== Records to process ==

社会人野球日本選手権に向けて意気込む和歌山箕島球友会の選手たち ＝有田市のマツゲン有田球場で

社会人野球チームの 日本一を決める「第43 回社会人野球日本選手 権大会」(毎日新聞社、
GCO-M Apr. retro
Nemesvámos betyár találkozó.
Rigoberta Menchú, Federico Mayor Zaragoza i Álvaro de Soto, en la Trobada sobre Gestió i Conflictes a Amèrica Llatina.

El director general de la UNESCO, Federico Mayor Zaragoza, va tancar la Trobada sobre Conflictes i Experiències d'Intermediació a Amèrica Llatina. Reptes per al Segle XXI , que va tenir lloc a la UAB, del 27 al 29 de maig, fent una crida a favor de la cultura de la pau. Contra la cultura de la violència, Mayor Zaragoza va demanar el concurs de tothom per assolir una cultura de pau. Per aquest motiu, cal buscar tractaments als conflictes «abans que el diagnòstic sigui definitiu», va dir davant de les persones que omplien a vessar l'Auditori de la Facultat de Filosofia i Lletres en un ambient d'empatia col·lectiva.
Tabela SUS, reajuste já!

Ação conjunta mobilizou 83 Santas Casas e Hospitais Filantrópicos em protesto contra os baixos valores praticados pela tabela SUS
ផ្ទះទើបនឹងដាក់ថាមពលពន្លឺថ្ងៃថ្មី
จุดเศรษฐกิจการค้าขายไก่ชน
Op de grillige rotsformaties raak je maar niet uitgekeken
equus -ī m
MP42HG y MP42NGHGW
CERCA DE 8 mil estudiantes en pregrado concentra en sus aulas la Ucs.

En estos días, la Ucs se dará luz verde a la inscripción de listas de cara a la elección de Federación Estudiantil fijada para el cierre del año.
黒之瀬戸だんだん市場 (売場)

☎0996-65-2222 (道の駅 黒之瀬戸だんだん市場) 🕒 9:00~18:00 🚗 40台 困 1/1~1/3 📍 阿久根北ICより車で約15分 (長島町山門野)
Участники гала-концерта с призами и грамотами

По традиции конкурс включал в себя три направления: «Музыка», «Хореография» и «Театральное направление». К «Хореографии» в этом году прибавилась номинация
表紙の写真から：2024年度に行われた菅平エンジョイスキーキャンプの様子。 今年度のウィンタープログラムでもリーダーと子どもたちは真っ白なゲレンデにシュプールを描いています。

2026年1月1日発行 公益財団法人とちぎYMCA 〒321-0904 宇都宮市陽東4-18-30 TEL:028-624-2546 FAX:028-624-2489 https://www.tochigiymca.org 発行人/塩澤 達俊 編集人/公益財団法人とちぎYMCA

== Work required ==
Take from the material above the lines running from the one with "Op de grillige" through the one with "Участники гала-концерта с призами и грамотами", and repeat them exactly, with nothing else.

== Finished exercise ==
Op de grillige rotsformaties raak je maar niet uitgekeken
equus -ī m
MP42HG y MP42NGHGW
CERCA DE 8 mil estudiantes en pregrado concentra en sus aulas la Ucs.

En estos días, la Ucs se dará luz verde a la inscripción de listas de cara a la elección de Federación Estudiantil fijada para el cierre del año.
黒之瀬戸だんだん市場 (売場)

☎0996-65-2222 (道の駅 黒之瀬戸だんだん市場) 🕒 9:00~18:00 🚗 40台 困 1/1~1/3 📍 阿久根北ICより車で約15分 (長島町山門野)
Участники гала-концерта с призами и грамотами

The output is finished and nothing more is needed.